Simulation results: a section of the cardiorhythmogram (CRG); b heart rate pulse (discontinuous curve) and BP signal (solid curve); c BP signal (solid curve), envelope of local maxima—graph of BP beat-to-beat values (discontinuous curve), envelope of local minima—graph of BP beat-to-beat values (discontinuous curve), graph of PBP values (dashed curve)

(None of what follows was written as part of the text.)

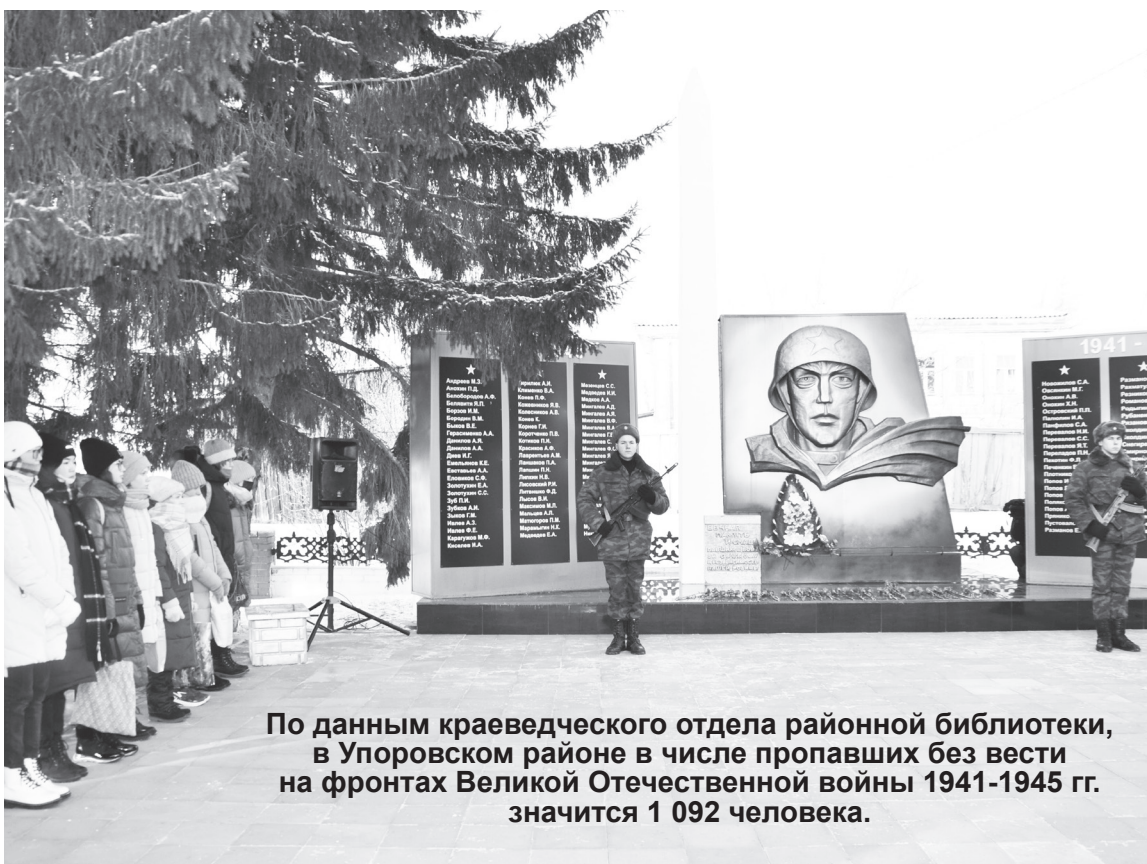
По данным краеведческого отдела районной библиотеки, в Уповском районе в числе пропавших без вести на фронтах Великой Отечественной войны 1941-1945 гг. значится 1 092 человека.

Уповские школьники пришли почтить память своих земляков.

Heart rate here varies between 67 and 116 beats per minute, with a total of 11 complete cardiac cycles. This CRG corresponds to a series of consecutive heartbeat pulses (HBP) (Fig. 11.3b, discontinuous curve). For clarity, they are presented with normalized values, in the model their source is a voltage generator. As a result of the HBP action on the RC circuit with a nonlinear element the ABP signal is formed, presented in Fig. 11.3b (solid curve). Local maxima of this curve correspond to systolic blood pressure (SBP) beat-to-beat values, minima—to diastolic blood pressure (DBP). The plots corresponding to these beat-to-beat SBP and DBP values are shown in Fig. 11.3c (discontinuous curves). Beat-to-beat values of SBP and DBP, like beat-to-beat values of heart rate, have variable character and vary in the following ranges: from 117 to 147 mm Hg for SBP, from 67 to 112 mm Hg for DBP. In the same figure there is a graph of pulse blood pressure (PBP, dashed curve), which is the difference between systolic and diastolic arterial blood pressure.

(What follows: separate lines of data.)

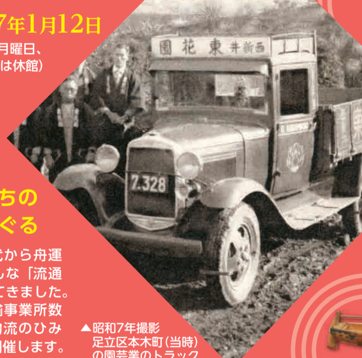
▲昭和7年撮影 足立区本木町(当時)の園芸業のトラック

南北に延びる国道4号線は、東京東郊の工業製品を運ぶ「架け橋」でした。昭和40年ごろの足立区の写真にはモノを運ぶ大小様々なトラックが写っています。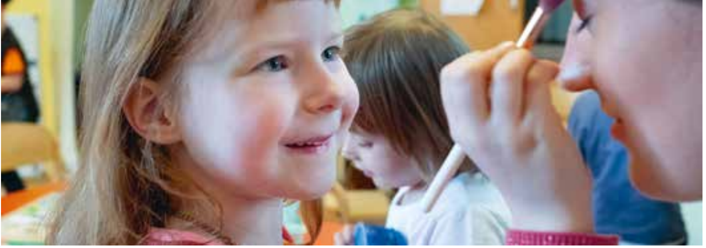
Abbildung 33: Das Schminken ist immer ein Highlight, vor allem, wenn die Kleinen mal die Großen schminken.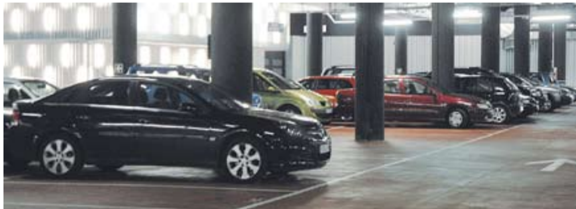
Imatge d'arxiu de l'aparcament soterrat del Mercat.

"Tant si es presenten ofertes com si no, l'Ajuntament surt beneficiat" amb l'actual situació perquè si hi ha ofertes a la licitació s'aconseguiran ingressos i si es declara deserta, "recuperem el pàrquing, net de càrregues i podem decidir, sense condicionants, la forma futura d'explotació" , va aclarir González. Els problemes econòmics de Tiferca i el seu incompliment dels compromisos adquirits van portar l'Ajuntament el març del 2009 al segrest del servei. Tiferca va entrar en concurs de creditors i el mes d'abril del mateix any 2009, el ple de l'Ajuntament declarava extingida la concessió a Tiferca. A partir d'aquí es van produir diversos conflictes jurisdiccionals que finalment s'han resolt per la via d'un acord "que ja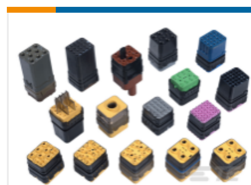
TE 产品编号ZPF000000000202094 DMC-M 0402 AW 01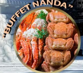
LAKE SHIKOTSU ICE FEST 2027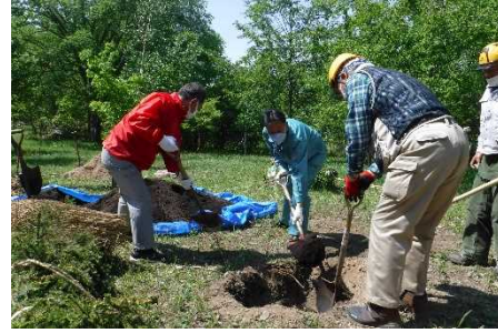
植樹活動(企業 CSR 活動)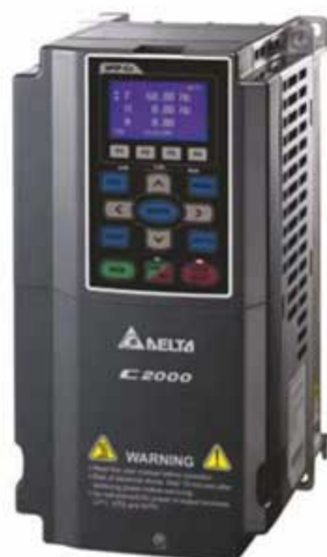
Преобразователь частоты Delta VFD-C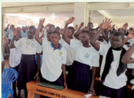
Heilige Messe bei den Katholischen Studenten (YCS) der Comboni- Gesamthochschule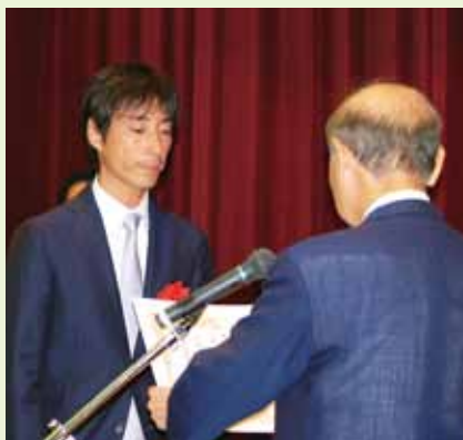
西能理事長が石川県知事から表彰状を頂きました

去る8月31日、高志会館において富山県主催 平成24年度「元氣とやま！仕事と子育て両立支援企業表彰」が開催され、当法人が優良企業として表彰されました。五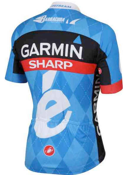
Ein „Argyle“-Muster besteht aus schachbrettartig angeordneten Blöcken, meist mit gekreuzten Streifen in einer Kontrastfarbe. Es stammt ursprünglich aus Schottland aus dem Tartan des Clans Campbell aus Argyll. Die Team-Trikots kommen traditionell mit einem Argyle-Design.

Weitere Information zum Team GARMIN Sharp-Barracuda unter http://www.slipstreamsports.com/

According to results of performed modeling, the following preliminary conclusions can be made by visual comparison of plots with HR, SBP, DBP and PBP beat-to-beat values:

  1. 1.

    For the given model parameters (and as it was mentioned above, in the absence of feedback), the HR variability has a significant impact on the BP variability.

  2. 2.

    Systolic and diastolic BP are directly proportional to HR.

  3. 3.

    Pulse pressure is inversely related to HR.

  4. 4.

    The effect of HR on systolic and diastolic BP is manifested in varying degrees. In other case, pulse pressure values would remain constant.

  5. 5.

    HR affects diastolic blood pressure more than systolic blood pressure.

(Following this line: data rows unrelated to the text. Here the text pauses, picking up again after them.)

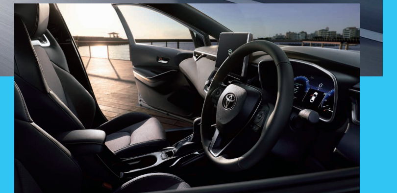
Photo:コローラ 特別仕様車 ACTIVE SPORT。ボディカラーは特別設定色セメントグレーメタリック(1H5)。内装色はブラック。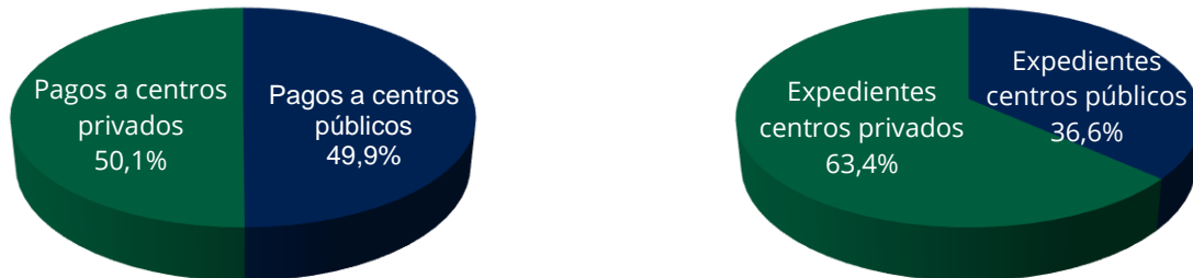
Ilustración/Tabla 1: Distribución de los pagos y expedientes de CAS, por ámbitos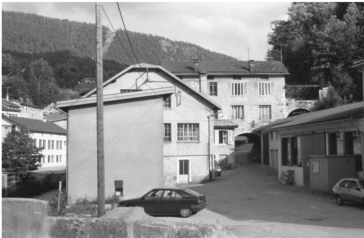
Vue d'ensemble depuis le nord-ouest (aval).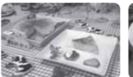
里山りんごのチーズケーキ

スイーツ試食会 女性たちが旅の目的にするようなスイーツってなんだろう？というテーマのもと、受講生によるスイーツ研究会が行われ、報告会ではその研究会で生まれた11種類のスイーツをご来場の皆さんに試食していただきました！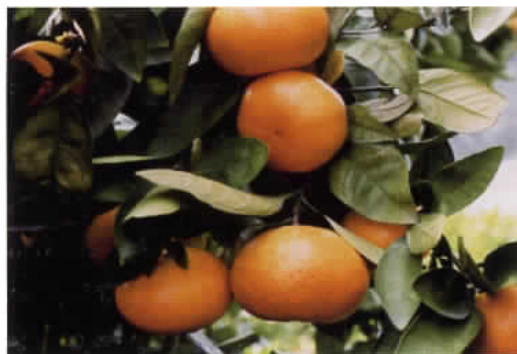
写真1 ひめのかの結実状況

果実は120g程度で、果形は扁平、玉揃いは良い。浮皮の発生は大津4号より少ない。成熟期は12月中～下旬で、糖度は13度程度、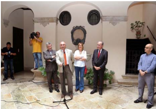
Presentación de la exposición

MÁLAGA.- La calle más céntrica de Málaga, Larios, exhibe desde hoy, y hasta el próximo 15 de julio, el pasado de la Facultad de Económicas en 25 paneles a dos caras, en los que los malagueños y visitantes pueden hacer un repaso de la historia del centro de la UMA, que este curso académico conmemora su 50 aniversario.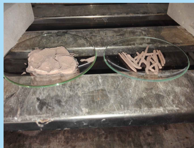
Muestra final de los Límites de Atterberg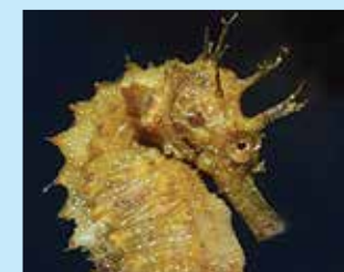
17/E - cavalluccio ramuloso

The variants for the signals considered on Fig. 11.3 are shown in Fig. 11.4, these are dependences of beat-to-beat values of SBP, DBP and PBP on HR.

Fig. 11.4
figure 4

Dependences of SBP, DBP and PBP on HR. We also present the parameters of linear approximation (above), correlation coefficient (r) values and p-values

The corresponding parameters of linear approximation (above), correlation coefficient values (r) and p- values (results calculated using Statistica software) are shown in the same figure. The numerical values of the correlation coefficients confirm our preliminary findings: correlation coefficients, r are sufficiently high (r > 0.6) and significant (p < 0.05), with the highest correlation coefficient being the correlation between DBP-HR, and the negative one being the correlation between PBP-HR (Fig. 11.4).

4 Conclusion

Thus, the obtained simple model allows studying the dependence of beat-to-beat arterial blood pressure values on HR and other basic parameters of the system hemodynamics only on the basic level. Accordingly, further studies would be connected with the study of the influence of the model main parameters on the dependence of HR-BP: among others are the values of HRP amplitude, total peripheral resistance, elasticity (capacitance) and internal resistance. The next stage of the study should be the refinement and complication of the model due to consecutive introduction of feedback loops, first of all, arterial baroreflex and regulation of total peripheral resistance.